You take them down to one BAH, now the question comes up — and I’ve talked to service members around the globe about this, that are dual military — and they’re saying, "Which one of us is going to get out?" So we’re countering trying to retain people. ... It’s absolutely counter to what we’re trying to do for the future.
Q. The military services are implementing two big cultural changes by integrating women into combat jobs and allowing transgender individuals to join and serve openly in the military.
A. As I go around the force, the troops are beyond it already. ... In the end, this is how they’ve grown up, and they’re about "hey, that’s my battle buddy. I don’t care."
From my perspective, a warrior is a warrior is a warrior. We have standards on what we expect out of an infantryman, an artilleryman, an armor crew member, a reconnaissance person, and those standards have to remain sound. Because those are the standards and the skills necessary to be able to defeat an enemy.
It’s all about talent management ... and regardless of what gender they are, if they can execute that standard, then we’ll allow them to do it.
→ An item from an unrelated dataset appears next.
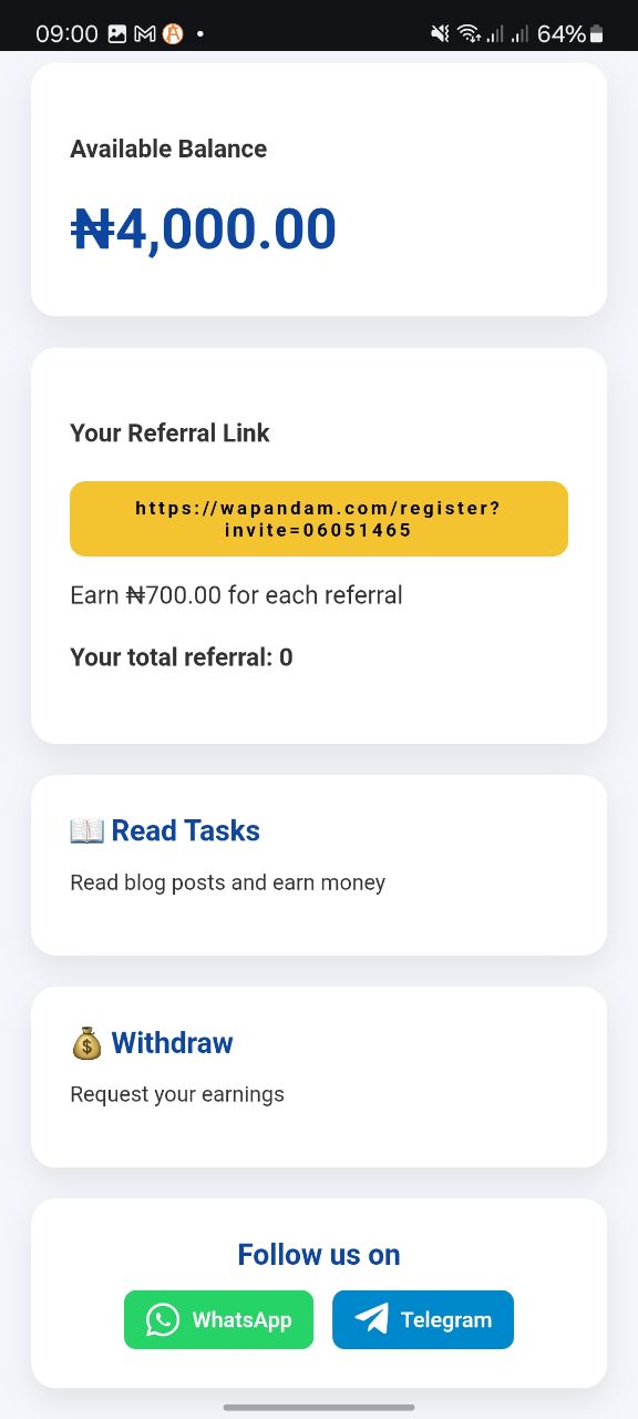 - Referral Bonus: You earn ₦700 for every friend you invite to the platform.
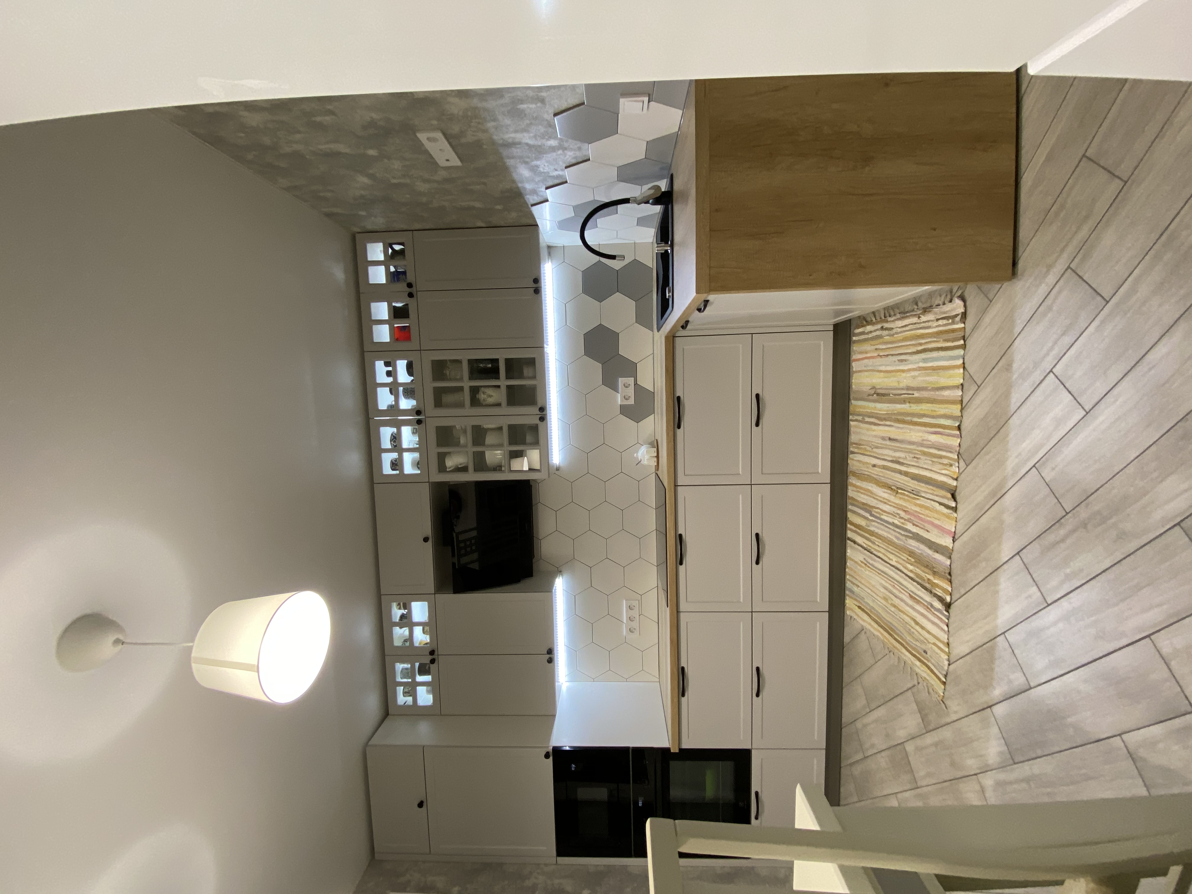 код 110416Верхние фасады с остеклением, подсветка рабочей зоны, ниши для техники.

Q. What might you say to those service members who still have concerns about these changes?
A. The key thing about being a leader is, first and foremost, we execute the orders of our elected officials and the leaders over us. And so, the secretary of defense said we’re going to integrate transgenders. And we’re going to allow women to serve in combat roles. So the message all the way down to the lowest leader is we’re executing this. So get beyond having this personal opinion about it and figure out how you’re going to get after it.